Your assignment: Set out exactly every line of the entries below, starting at the line that holds "This art print" and stopping after the line that holds "This cordless vacuum".

Record set:
-- Opening Marker --

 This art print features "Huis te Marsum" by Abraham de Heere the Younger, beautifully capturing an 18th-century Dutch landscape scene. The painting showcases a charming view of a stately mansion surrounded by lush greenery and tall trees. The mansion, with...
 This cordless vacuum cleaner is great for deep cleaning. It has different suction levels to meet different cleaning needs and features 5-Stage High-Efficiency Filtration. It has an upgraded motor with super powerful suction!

-- Closing Marker --
-- Opening Marker --

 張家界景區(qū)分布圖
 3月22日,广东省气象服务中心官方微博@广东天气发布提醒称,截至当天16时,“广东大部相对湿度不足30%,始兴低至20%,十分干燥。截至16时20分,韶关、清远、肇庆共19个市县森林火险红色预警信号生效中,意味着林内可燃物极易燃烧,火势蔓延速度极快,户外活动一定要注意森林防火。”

-- Closing Marker --

Task solution:
 This art print features "Huis te Marsum" by Abraham de Heere the Younger, beautifully capturing an 18th-century Dutch landscape scene. The painting showcases a charming view of a stately mansion surrounded by lush greenery and tall trees. The mansion, with...
 This cordless vacuum cleaner is great for deep cleaning. It has different suction levels to meet different cleaning needs and features 5-Stage High-Efficiency Filtration. It has an upgraded motor with super powerful suction!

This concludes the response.